The Internal Revenue Service is considering requiring some business taxpayers to report uncertain tax positions on their tax returns, according to Commissioner of Internal Revenue Douglas Shulman.
Speaking at the New York State Bar Association Taxation Section Annual Meeting in New York, Shulman said that Announcement 2010-9 would require the reporting of uncertain tax positions at the time a return is filed by business taxpayers that have over $10 million in assets, and that have a financial statement prepared under FIN 48 or other similar accounting standard.
These taxpayers would be required to annually disclose uncertain tax positions in the form of a concise description of those positions and the maximum amount of U.S. income tax exposure if the taxpayers position is not sustained. By concise, we mean a few sentences that inform us of the nature of the issue, and not pages of factual description or legal analysis, he said.

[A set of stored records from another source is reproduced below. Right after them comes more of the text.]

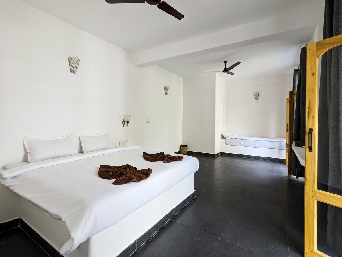 Our Signature Room is a design-forward space featuring a King bed, an open to sky bathroom, and a bathtub blending comfort with thoughtful aesthetics. The room is equipped with high-speed Wi-Fi, air conditioning, and a smart TV for a seamless stay. Located just 1.5 km from the beach and 900 meters from the local market, the property offers easy access while remaining a peaceful retreat. Our spaces are intentionally designed to foster community, creativity, and authentic travel experiences.
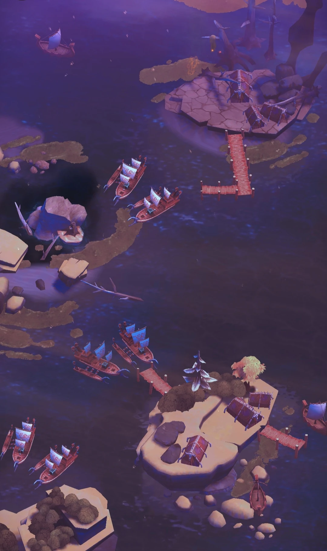 Bog of the Loud Whisper is a waterlogged area with points of higher elevation. These un-submerged areas are rocky spires, but there are also some flat areas.
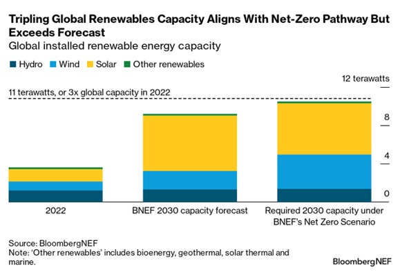 【ロンドン、2023年11月21日】-世界の指導者たちは、2030年までに世界の再生可能エネルギー導入容量を3倍にすべく、機運を高めています。これは2030年までに再生可能エネルギーの発電容量を11テラワット増加することに相当します。この目標は、今月アラブ首長国連邦で開催される国連気候変動枠組条約締約国会議(COP28)において、議長国が国際的な合意を目指す中で注目を集めるでしょう。ブルームバーグNEF(BNEF)が本日発表した分析に基づくと、当公約案は2050年までに全世界でネットゼロを実現するための軌道、そしてパリ協定の各種目標の達成に欠かせない取り組みと一致しています。
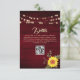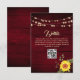 Luces de cuerda doradas elegantes en tarjeta de detalles de boda rústica de madera con código QR para más información y girasol.
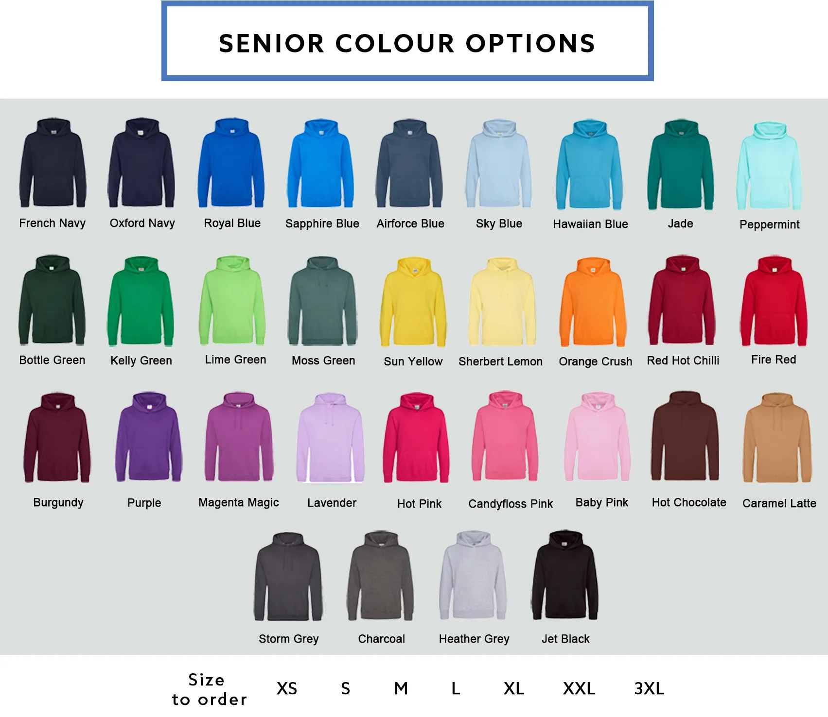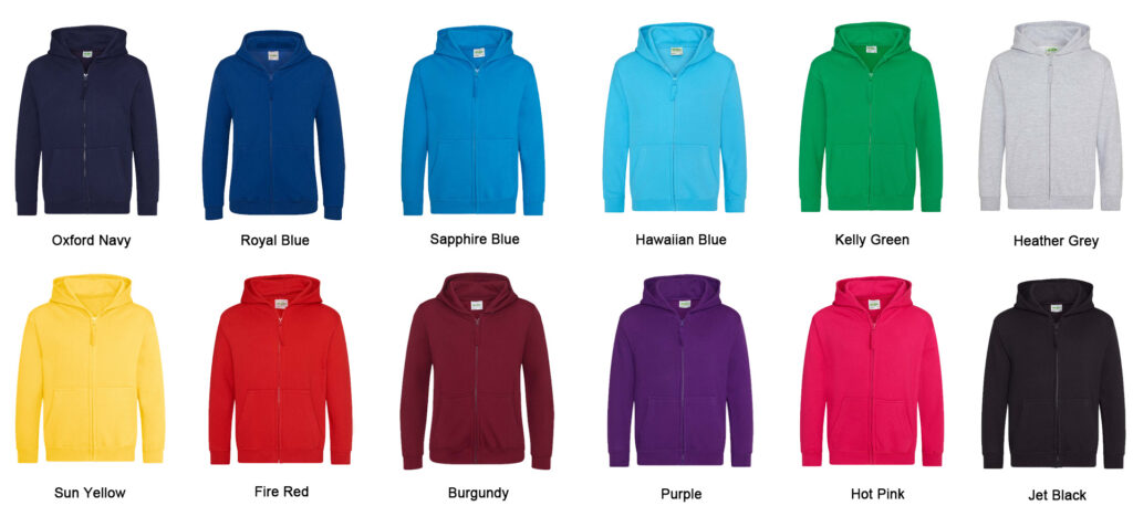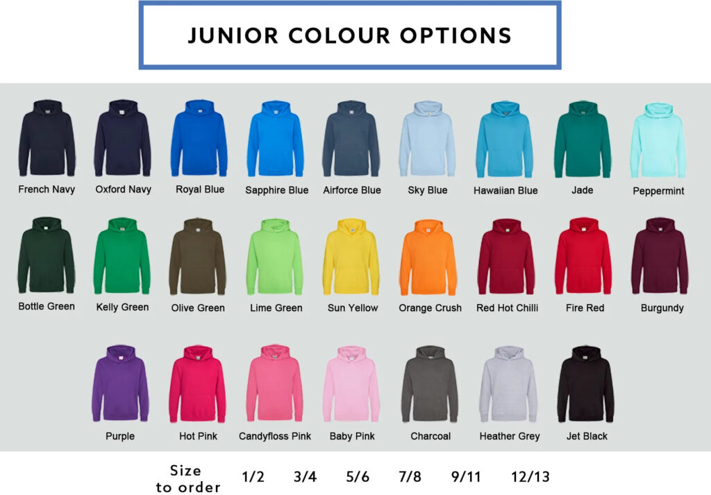 We offer a wide variety of garment colours which can be ordered together; however, ALL garments will have the same “Leavers” print and “School logo” colourway. For each order we offer 2 amendments to your Leavers design free of charge, subsequent amendments may incur a surcharge.

The goals of the proposal are to cut down the time it takes to find issues and complete an audit, ensure that both the IRS and taxpayer spend time discussing the law as it applies to the facts, rather than looking for information, and to help the IRS prioritize the selection of issues and taxpayers for examination, according to Shulman.
Today, we spend up to 25 percent of our time in a large corporate audit searching for issues rather than having a straightforward discussion with the taxpayer about the issues. It would add efficiency to the process if we had access to more complete information earlier in the process regarding the nature and materiality of a taxpayers uncertain tax positions, he explained.

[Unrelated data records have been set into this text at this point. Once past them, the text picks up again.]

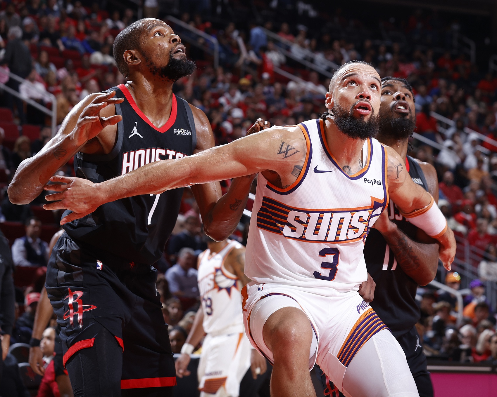 太阳派狄龙主防杜兰特,马威单防申京,对位单防上完全不吃亏:杜兰特首节6中1,申京首节4中0,单打强攻都被太阳的防守硬度化解——杜兰特和申京首节合计10中1,火箭阵地战进攻崩盘。
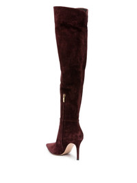 Cuissard 90mm suede boots Highlights - Burgundy - Calf suede - Logo plaque - Pointed toe - Slip-on style - Branded leather insole - 90mm high heel - Leather sole Made in Italy Composition Suede 100% SIZE & FIT Measurement CIRCUMFERENCE 15.74 in(40 cm) HEIGHT 20.86 in(53 cm) HEEL 3.34 in(8.5 cm)
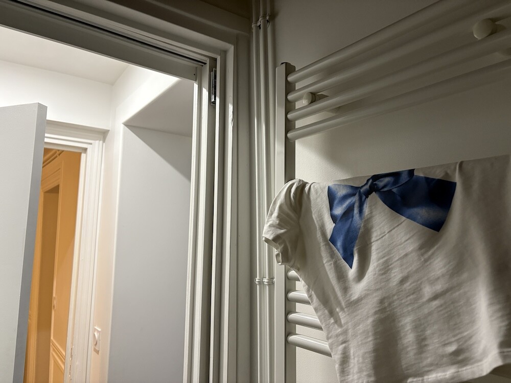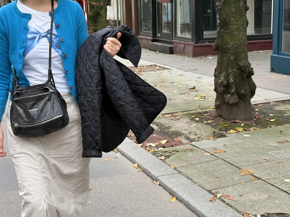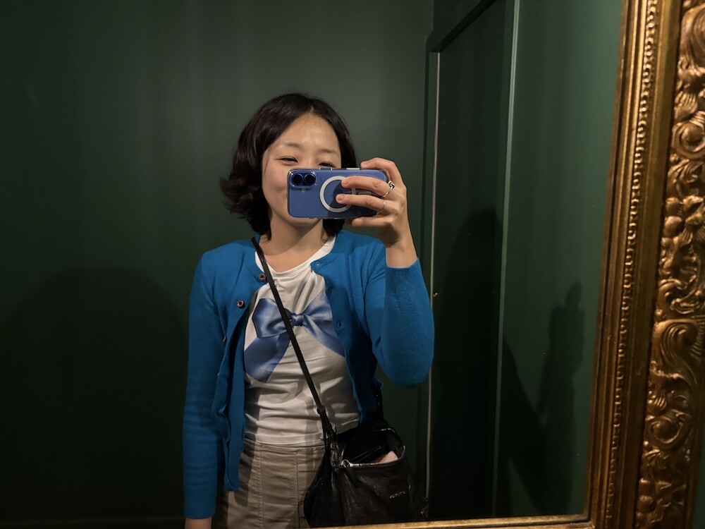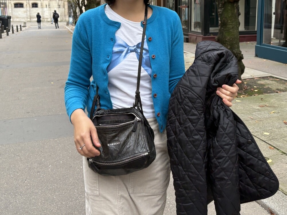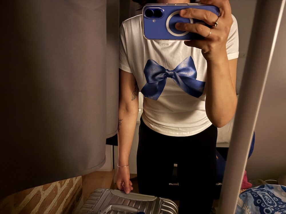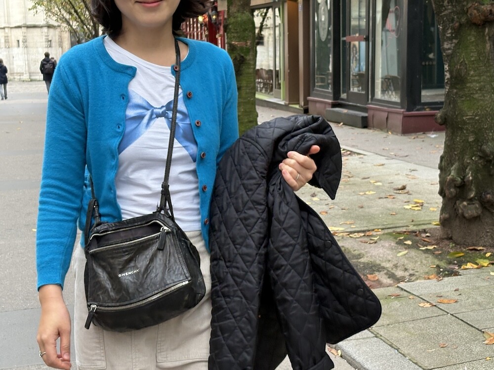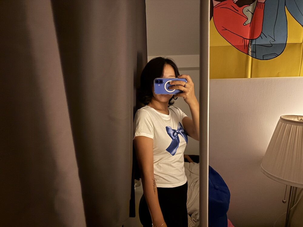 흰색 면 티셔츠에 파란 리본이 프린트된 귀여운 티셔츠예요. 리본이 그림이 아니라 사진 같은 느낌이라 유치하지 않고 예쁘더라고요. 그냥 입어도 예쁘지만 가디건 안에 살짝 보이게 입어도 예뻐서 사계절 내내 잘 활용하시게 될 거예요.
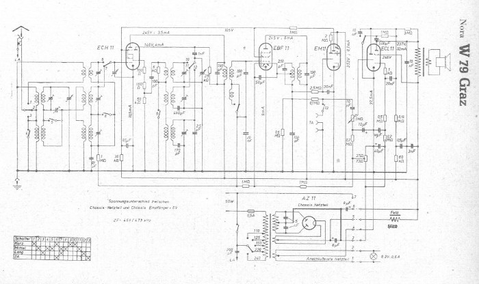 Den Schaltplan habe ich gerade leider nicht hier, wo ich z.Z. bin, kann ihn aber Anfang nächster Woche mal einstellen. Nach Deiner schönen Tabelle müsste der DeTeWe 975W ein 1P1M (3-fach Drehko) sein (ECH11, EBF11, ECL11, EM11 - AZ11), wenn ich das richtig sehe. Dieses Gerät hatte zusätzlich einen 3xum (1-Masse-1)-Tonfarbenschalter, einen LS mit Erregerspule und ist im Chassis baugleich mit dem NORA W79.
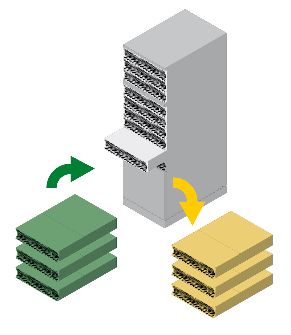Din acest motiv, sistemul a fost proiectat pe baza unei arhitecturi a dulapurilor fără componente electronice, ceea ce permite modulelor conectabile independente, de alimentare, control sau comunicare, să fie înlocuite sau actualizate în siguranță, în timp ce UPS-ul rămâne complet funcțional.
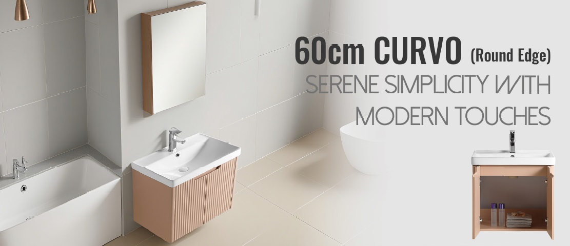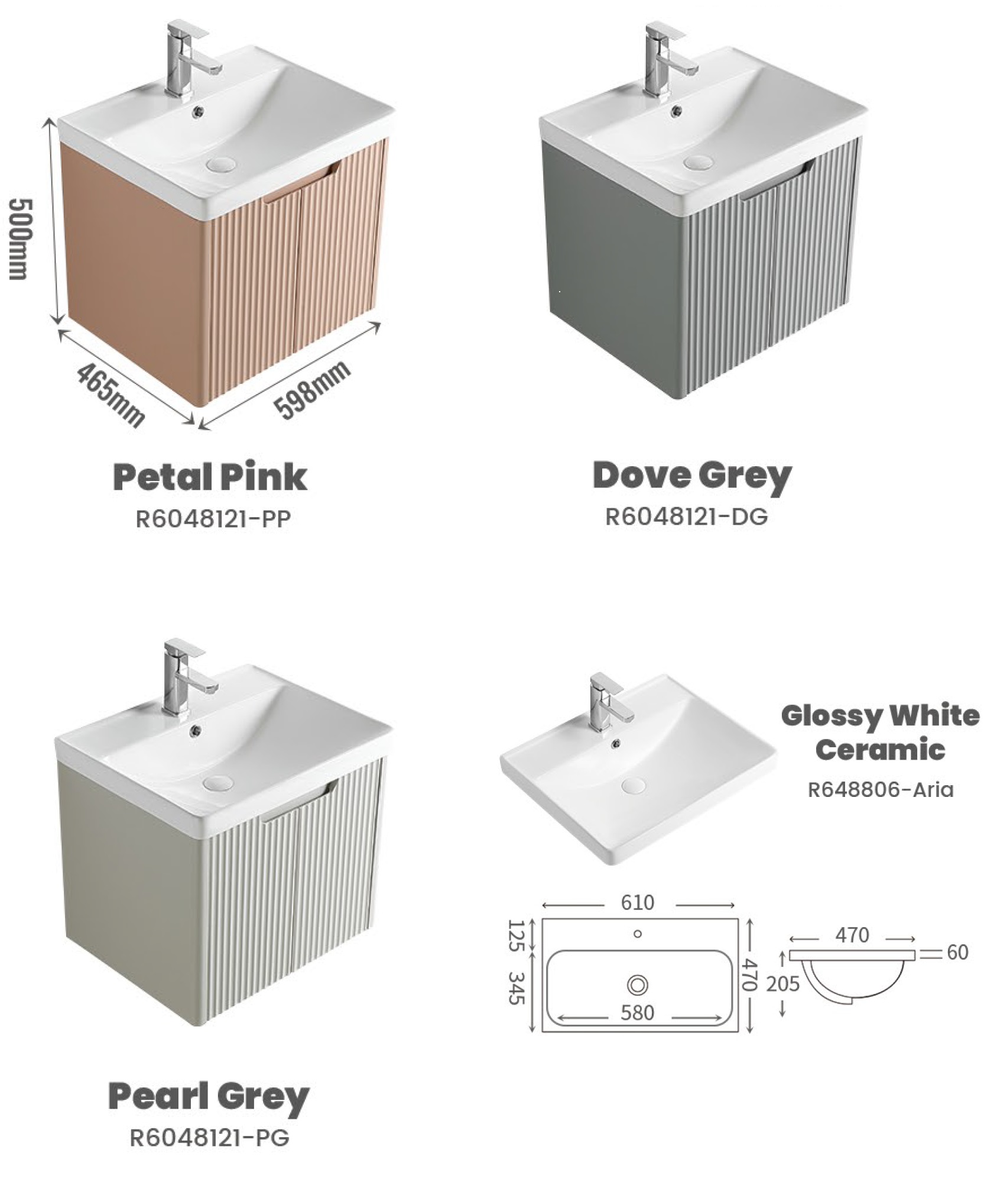 600MM Bathroom PVC Vanity Cabinet With Curve Edge & Beautiful Fluted Door Design

Since affected taxpayers are already required to establish tax reserves for uncertain tax positions in determining their financial statement income under U.S. or foreign accounting standards, the proposal will not be an added burden on taxpayers, Shulman noted.

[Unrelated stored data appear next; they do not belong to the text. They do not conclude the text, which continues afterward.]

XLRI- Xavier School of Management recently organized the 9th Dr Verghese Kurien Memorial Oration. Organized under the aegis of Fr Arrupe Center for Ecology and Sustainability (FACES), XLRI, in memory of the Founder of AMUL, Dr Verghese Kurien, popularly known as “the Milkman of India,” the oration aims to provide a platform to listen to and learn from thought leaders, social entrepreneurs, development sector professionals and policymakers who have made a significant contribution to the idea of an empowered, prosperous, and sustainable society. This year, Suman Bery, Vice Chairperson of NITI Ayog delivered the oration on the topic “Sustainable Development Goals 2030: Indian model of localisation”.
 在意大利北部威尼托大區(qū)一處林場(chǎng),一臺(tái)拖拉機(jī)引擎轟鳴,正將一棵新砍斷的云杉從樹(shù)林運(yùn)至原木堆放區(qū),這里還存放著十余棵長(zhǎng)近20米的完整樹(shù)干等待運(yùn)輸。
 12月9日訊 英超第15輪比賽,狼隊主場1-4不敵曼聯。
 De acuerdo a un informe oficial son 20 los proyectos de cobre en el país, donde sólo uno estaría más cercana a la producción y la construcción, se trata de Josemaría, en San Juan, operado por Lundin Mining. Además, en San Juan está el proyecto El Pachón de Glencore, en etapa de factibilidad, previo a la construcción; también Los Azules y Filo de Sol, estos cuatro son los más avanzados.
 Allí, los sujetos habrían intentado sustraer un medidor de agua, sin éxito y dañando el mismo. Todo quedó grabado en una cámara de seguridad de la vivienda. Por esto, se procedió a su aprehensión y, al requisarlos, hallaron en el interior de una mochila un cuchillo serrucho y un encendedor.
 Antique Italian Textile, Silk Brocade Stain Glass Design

Just to be clear again, this proposal would not require that taxpayers disclose how strong or weak they regard their tax positions or report to us the amounts they reserved on the books regarding those positions. And, as a very important part of this proposal, the IRS would otherwise retain its longstanding policy of restraint as it applies to tax accrual workpapers, he said.
I think this is a sound proposal that will significantly advance the ball in the transparency area. We understand this proposal will generate a good deal of discussion and debate, and we welcome that, he added. We look forward to public comments and the upcoming dialogue regarding this important announcement.